You may not be able, for security reasons, to have an external technician to go there,
which means that you have to lay things in a single sheet of paper instruction,
and everything needs to be done only with a screwdriver.
That's why when you do, for example, zero-touch deployment,
you basically just boot up the hardware without a monitor and keyboard
because in most areas you don't have a monitor and keyboard.

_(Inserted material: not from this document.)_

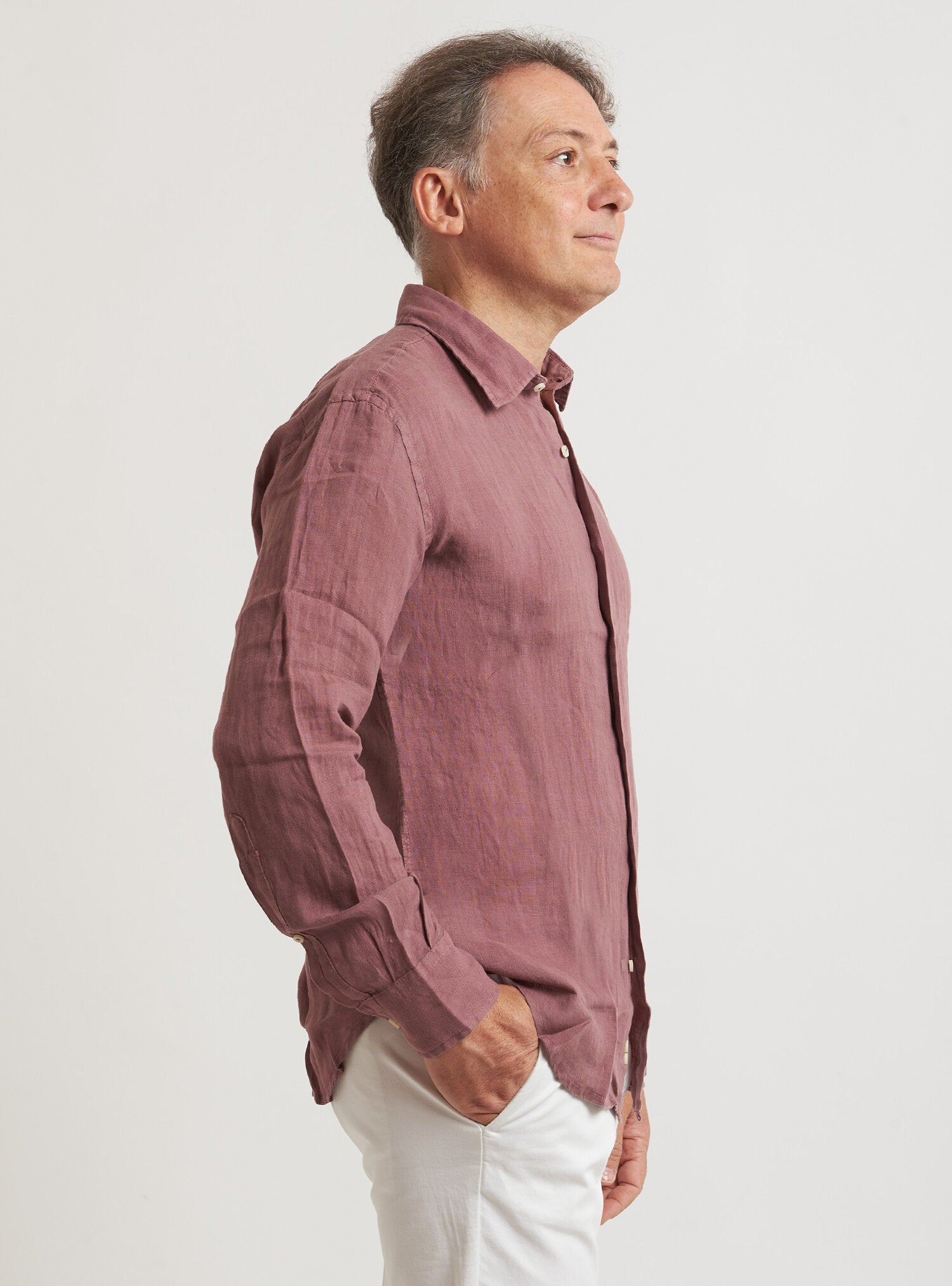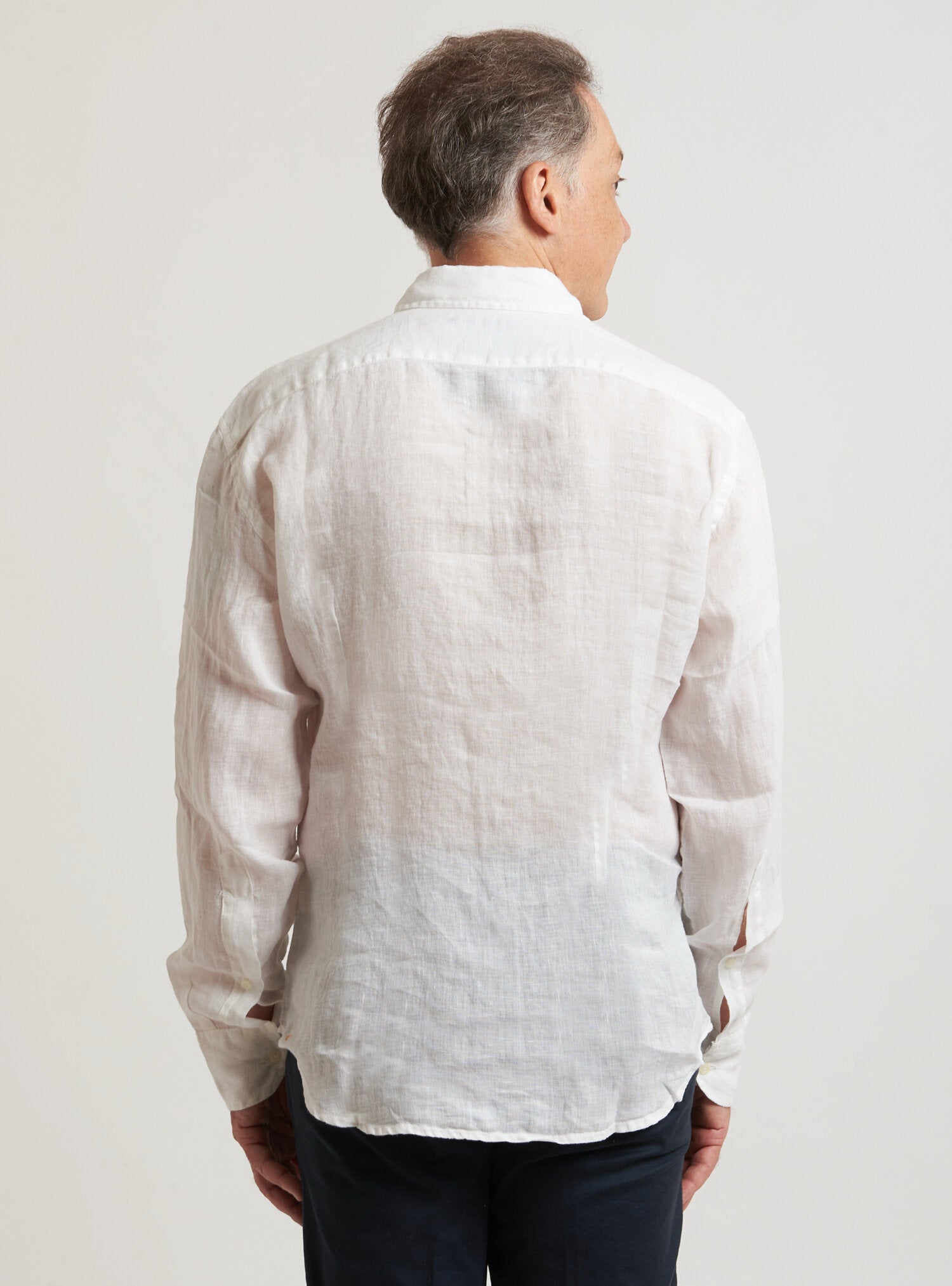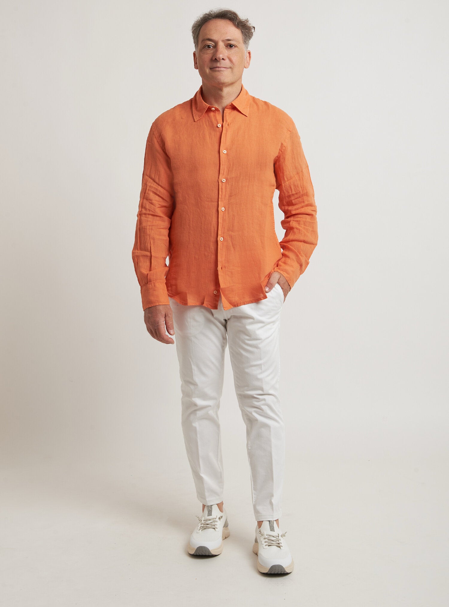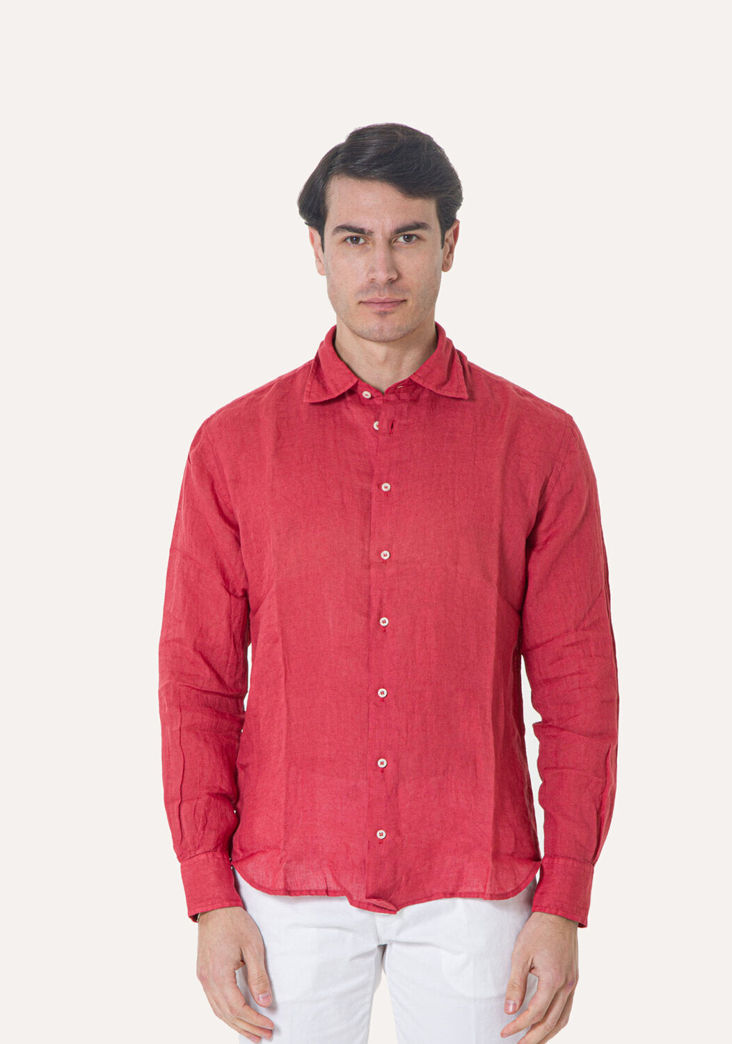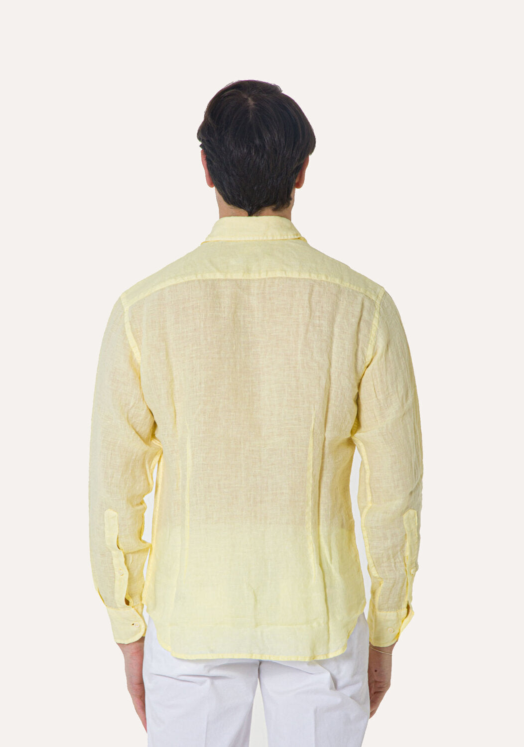 Camicia WILLIAM realizzata in puro lino lavato di alta qualità. Il collo è modello francese totalmente destrutturato e morbido. È realizzata con 2 pinces dietro la schiena. La vestibilità è semi slim. Composizione 100% lino.

And you just wait and after roughly two or three minutes,
you hear the system playing a tune, which is a happy tune,
which means that everything works fine.
And if it's not, you hear something like a bad tune, which means that the hardware is not working
and you need to replace it. Yeah, I think that these are the key factors to consider. And Alistair,
I really love how you summed that up. I think that the key for me is
really what you pointed out there, is that any of these things can explode. It's easy to think that
the initial hardware choice is the most important factor. Because if I decide that I need to deploy
32 gigs of RAM instead of 16 gigs of RAM, multiply that by a thousand. And then there's my, my total, uh, the cost of that decision. That's really not the right way to think about
it. You know, I need to deploy three nodes or four nodes or whatever. That's really not the
right way to, because you also have to think about growth over time. You have to think about
maintaining serviceability over time. And as you mentioned, um it's so true, depending on the environment,
the operational and hands-on aspects can really, really wreck the economics of the entire situation.

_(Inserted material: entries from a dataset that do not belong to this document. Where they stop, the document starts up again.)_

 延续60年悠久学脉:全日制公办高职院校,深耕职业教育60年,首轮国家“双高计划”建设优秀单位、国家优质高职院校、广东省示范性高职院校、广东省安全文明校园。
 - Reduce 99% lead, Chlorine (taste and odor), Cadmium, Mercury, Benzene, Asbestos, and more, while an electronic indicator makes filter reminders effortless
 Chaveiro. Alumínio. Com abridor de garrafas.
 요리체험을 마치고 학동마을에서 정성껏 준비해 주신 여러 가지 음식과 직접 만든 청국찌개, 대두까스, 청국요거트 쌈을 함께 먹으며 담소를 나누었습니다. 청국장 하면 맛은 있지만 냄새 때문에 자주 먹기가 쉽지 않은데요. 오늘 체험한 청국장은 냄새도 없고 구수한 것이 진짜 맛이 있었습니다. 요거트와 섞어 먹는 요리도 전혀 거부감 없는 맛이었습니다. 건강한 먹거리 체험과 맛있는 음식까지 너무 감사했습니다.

So given all of this, I think that it's pretty clear to say that the optimal solution almost
anywhere is going to be a system that is very flexible,
makes best use of the hardware at hand, and also is, as Carlo was just saying, very hands-off,
very zero-touch. Because even if you do, even if it's not a big deal, you don't have to have
somebody drive across the desert for two days to fix it, you may just not want somebody to have
hands-on, you know? And so I think that a
very autonomous and configurable system is really the ideal one. So thank you so much for joining
us here, Carlo. It's been very, a lot of fun talking to you. We can't wait to see you as well
at Edge Field Day. Before we go, where can people connect with you and continue this conversation
and maybe learn more about NodeWeaver? Well, they can go to our website at nodeweaver.eu, but we really would love to have
everyone to watch us and the Edge Field Day where we will try to show what we can do in the best
possible way and especially get the questions for your attendees. Absolutely. And we welcome questions during Edge Field Day as well. So
please do find us on your social media, on LinkedIn and so on. Alistair, how about you?

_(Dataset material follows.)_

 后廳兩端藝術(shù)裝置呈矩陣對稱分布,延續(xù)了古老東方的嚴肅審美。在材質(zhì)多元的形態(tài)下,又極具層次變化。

Well, you can find me online and it's my Demitasse NZ for New Zealand brand, as well as
V Brown Bag. I'm very involved there. So you can catch up with me at VMworld either in the U.S. or Europe. I'm hoping to be involved in Edge Field Day 2 as well. I really enjoyed
Edge Field Day 1, and definitely questions are an important part. This is the Edge Field
Day and the whole Tech Field Day family is about a conversation between vendors and technologists
who have their own perspectives and interests.
Absolutely.
And I do love a good demi-tasse of coffee, especially New Zealand coffee.
So I'm looking forward to seeing you again, Al.
Thank you for joining us and listening to this Utilizing Edge podcast episode.